The focusing ring has very sculpted and hard ribbing to ensure a good grip, helping to maintain the vintage look of the lens as a whole. The lens is manual focus only, and as the 8.5mm equates to a 35mm-format 17mm equivalent here we find the one glaring omission that would make life considerably easier. There is no depth of field scale, although there are ample distances marked in feet and meters to make this a useful possibility. As the lens is very difficult to focus by eye, despite any focus assist features in the camera, a DOF scale would be incredibly useful. The focusing and aperture rings move in the direction of Canon cameras, rather than Nikon/Pentax which move in the opposite way.
Focusing is down to 0.2m, just under 8 inches, which represents a maximum magnification of 0.08x, or 1:12.5. This is reasonably close, but not exceptionally so.

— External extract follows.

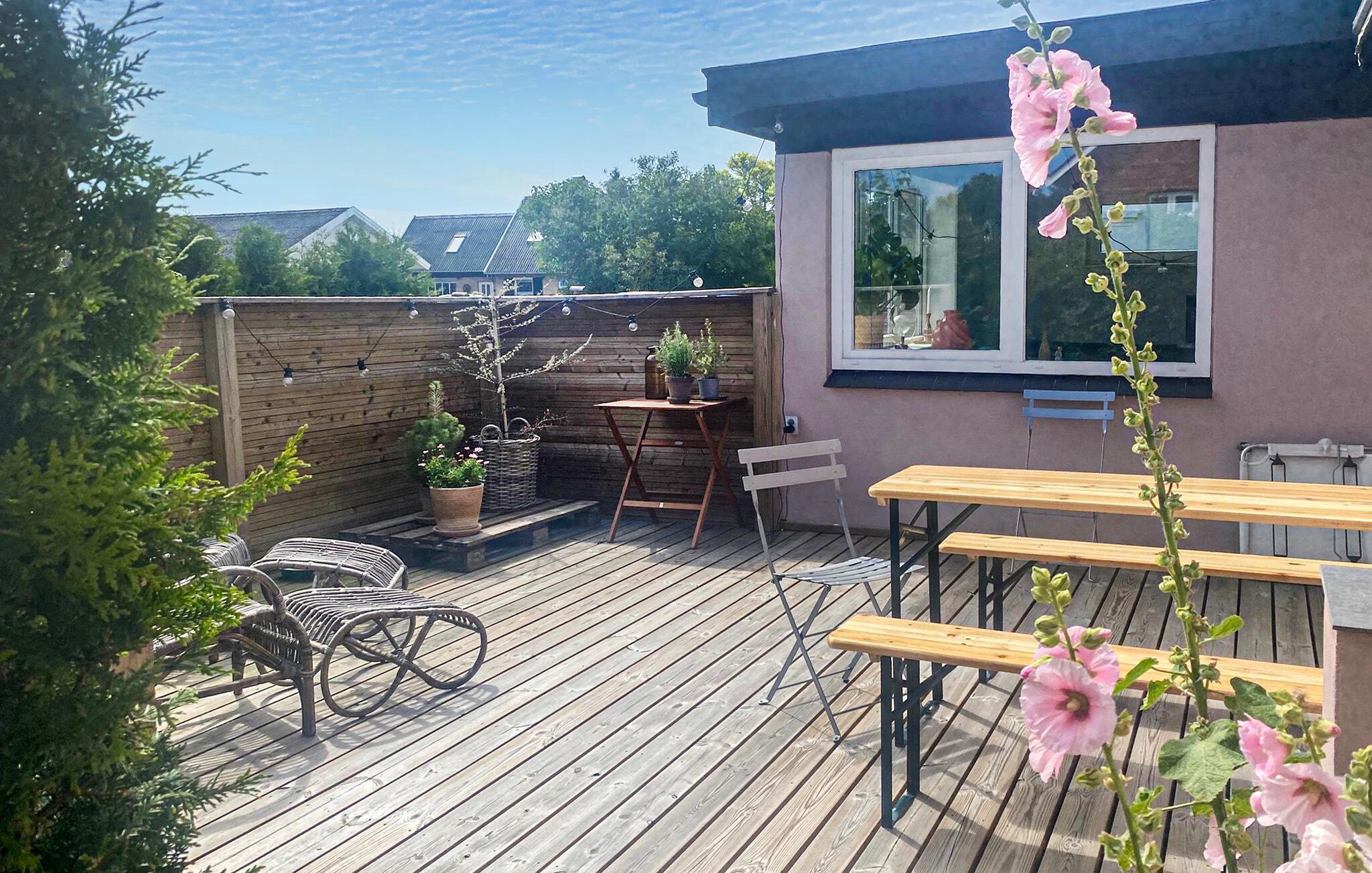 Denne ugenerte træterrasse er det ideelle sted at servere morgenmaden udendørs på solrige dage. Lad børnene lege i den indhegnede have og organiser en stemningsfuld grillmiddag med vin og levende lys.

Finally, we have the aperture ring, with a design that is very intelligent indeed. The review setting used was f/stops, which are provided with firm, positive click stops at full stop intervals, although one-third stops are quite easy to approximate. Pressing a small button enables the whole ring to be rotated through 180 degrees to bring into play the T stop settings. The T stops, usually used for movie shooting, are clickless. The whole idea is highly inventive and works beautifully.
Lens construction is 17 elements in 14 groups, with 1 Aspherical and 2 XD (Extra Low Dispersion). The aperture comprises 9 circular blades, a feature used to enhance the bokeh of the lens.
There is considerable depth of field in a lens such as this, especially on MFT format, and the one handling issue, as mentioned above, is the lack of a depth of field scale to assist with this. With the G6 focusing is really very difficult and for the closer shots on a tripod, one answer is to use a retractable steel rule to physically measure distances. The success of this does depend on the accuracy of the distance scale on the lens, and this seems to be close enough to work well.
Notwithstanding all this, for more distant shots focus position is moot as with a modest aperture and setting close to infinity most things will be rendered sharply. The ultra wide field of view makes this an exciting lens to use, and there are huge creative possibilities.